Purpose: Reduce spatial dimensions and provide translation invariance

Max Pooling:

Selects maximum value in each window
Provides strong invariance to small translations
Retains the most "activated" feature
Gradient flows only to max position

Average Pooling:

Computes mean of each window
Smoother downsampling
Gradient distributed equally
Often used in final layers (Global Average Pooling)

Best Practices:

Use 2×2 pooling with stride 2 (standard)
Max pooling for early layers (feature detection)
Average pooling for later layers (feature aggregation)

Activation Functions

ReLU (Rectified Linear Unit)

f(x) = max(0, x)

Advantages:

✅ Computationally efficient
✅ Helps with vanishing gradient
✅ Sparse activation (biological plausibility)

Disadvantages:

❌ "Dying ReLU" problem (neurons can stop learning)
❌ Not zero-centered

When to use: Default choice for hidden layers

Leaky ReLU

f(x) = x if x > 0 else α*x  (α ≈ 0.01)

Advantages:

✅ Solves dying ReLU problem
✅ Small negative slope allows gradient flow

When to use: When experiencing dying ReLU issues

GELU (Gaussian Error Linear Unit)

f(x) ≈ 0.5 * x * (1 + tanh(√(2/π) * (x + 0.044715 * x³)))

Advantages:

✅ Smooth, non-monotonic
✅ Used in transformers (BERT, GPT)
✅ Better performance on some tasks

When to use: Modern architectures, NLP tasks

Softmax

f(xᵢ) = exp(xᵢ) / Σⱼ exp(xⱼ)

Advantages:

✅ Outputs valid probability distribution
✅ Differentiable

When to use: Final layer for multi-class classification

Loss Functions

Cross-Entropy Loss

Formula:

L = -Σᵢ yᵢ * log(ŷᵢ)

Intuition: Measures the "surprise" of predictions given true labels

When prediction is correct and confident: low loss
When prediction is wrong or uncertain: high loss

Why with Softmax?
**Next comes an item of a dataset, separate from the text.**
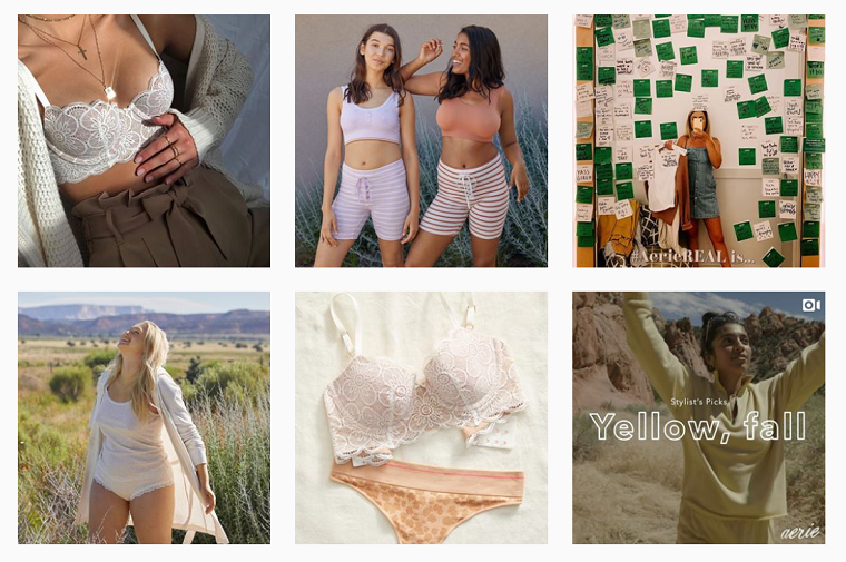 Под хэштегом #AerieReal в Инстаграме уже опубликовано более 200 тысяч фотографий. Некоторые из них Aerie репостит в свой аккаунт.

The gradient ∂L/∂z = ŷ - y is remarkably simple, leading to stable training

Focal Loss

Formula:

FL(pₜ) = -αₜ * (1 - pₜ)^γ * log(pₜ)

Purpose: Address class imbalance by focusing on hard examples

When to use:

Severe class imbalance (e.g., 1:1000)
Object detection
Hard example mining

Optimizers

SGD (Stochastic Gradient Descent)

θ = θ - η * ∇L(θ)

With Momentum:

v = β * v + ∇L(θ)
θ = θ - η * v

Hyperparameters:

Learning rate η: 0.01 - 0.1 (common range)
Momentum β: 0.9 (standard)

When to use: Simple problems, well-understood learning rate

Adam (Adaptive Moment Estimation)

m = β₁ * m + (1 - β₁) * ∇L(θ)        # First moment
v = β₂ * v + (1 - β₂) * (∇L(θ))²    # Second moment
θ = θ - η * m̂ / (√v̂ + ε)

Hyperparameters (standard values):

Learning rate η: 0.001
β₁: 0.9
β₂: 0.999
ε: 1e-8

Advantages:

✅ Adapts learning rate per parameter
✅ Works well with little tuning
✅ Efficient on sparse gradients

When to use: Default optimizer for most problems

RMSprop

v = β * v + (1 - β) * (∇L(θ))²
θ = θ - η * ∇L(θ) / (√v + ε)

When to use: Recurrent networks, online learning

Learning Rate Schedules

Step Decay:

LR = LR₀ * 0.5^(epoch // 10)

Reduce LR by half every 10 epochs

Cosine Annealing:

LR = min_lr + (max_lr - min_lr) * (1 + cos(π * epoch / total)) / 2

Smooth decrease following cosine curve

When to use:

Step decay: Simple baseline
Cosine: Better final performance
Warmup + decay: Complex/large models

🎓 Training a CNN

Complete Training Pipeline

# 1. DATA PREPARATION
from data_utils import load_mnist_like, normalize, train_val_split

# Load data
X_train, y_train, X_test, y_test = load_mnist_like(num_samples=5000)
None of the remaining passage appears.